A wearable robot, in the form of a brace or belt, has also been developed that can help elderly people stand up and walk. The robot automatically measures electrical signals that are sent to the muscles from the brain to signal muscle contraction, then gives them an extra boost. “When people get old, they can lose muscle mass and not have enough strength to stand up, so this could help them by generating additional strength for their muscles,” he said.

Yet another system they developed can measure human tactile sense, which can be used to diagnose medical conditions, such as loss of balance in the elderly, and even detect cancerous tumours in dense breast tissue.

Professor Xi notes that the robotics field is being driven forward not only by new technology, but new demands for application, such as COVID-19. His team have developed a disinfection robot that can bring a very high-intensity ultraviolet light close to surfaces. The light is too potent for human cleaners to use but can kill viruses quickly and it is currently being tested in HKU’s libraries. In addition, following the reliance on online learning during the pandemic, they have just received funding to develop a ‘telelaboratory’ that would enable students to perform laboratory experiments from home through remote control of robots.

Professor Ning Xi's team

Professor Xi Ning (first from right) and his research team.

Beyond ‘3D’

“In the past, robots were developed to do things humans did not want to do – the ‘3D’ jobs that are dirty, dull and dangerous. Robots have quite successfully replaced humans in these jobs. Over 90 per cent of car manufacturing processes are now done by robots,” he said.

“But when you talk about the future, the key point is that robots can augment human capabilities – they can do something humans cannot do. I call it ‘ultra-robotics’.”

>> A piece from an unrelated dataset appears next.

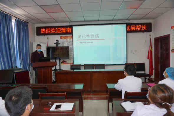 4月14日下午,消化内科副主任朱浪潮、神经内科副主任医师卫晓红、17级住培医师邹治坤、梁虹分别做了《眩晕的诊疗方法和思路》《消化性溃疡》《慢性胃炎》《胃食管反流病》《甲型H1N1流感》《流行性腮腺炎》专题讲座。张桥镇卫生院医务人员及乡医近30人参加了专题培训。通过本次培训,使基层医生掌握了眩晕、消化性溃疡、慢性胃炎、胃食管反流病、甲流、流行性腮腺炎的临床诊断标准和诊疗思路。同时,神经内科卫晓红副主任医师和全科住培医师邹治坤配合,为基层医师进行了眩晕患者临床常用检查示范教学。在理论培训和技能演练过程中,基层医护人员多次响起掌声。

Professor Xi and his laboratory have been pushing at the ‘ultra’ envelope. They have developed an artist robot that can quickly capture a person’s facial features and draw a portrait of them. The technology has industrial potential, for instance in cleaning or polishing surfaces with complicated contours.

And they are working what he calls a ‘biosyncretic’ robot that combines an infrared camera with the cell of a snake eye. “There is a lot of potential for humans. If a certain part of your body breaks down, you could replace it using an electrical-mechanical system,” he said, acknowledging some people may find this scary. “When you don’t understand things, you may feel scared. But once you understand, you can take advantage of it,” he said.

Artist robot

The artist robot, which can quickly capture a person’s facial features and draw a portrait of them, has industrial potential in cleaning or polishing surfaces with complicated contours.

When you talk about the future, the key point is that robots can augment human capabilities – they can do something humans cannot do. I call it ‘ultra-robotics’.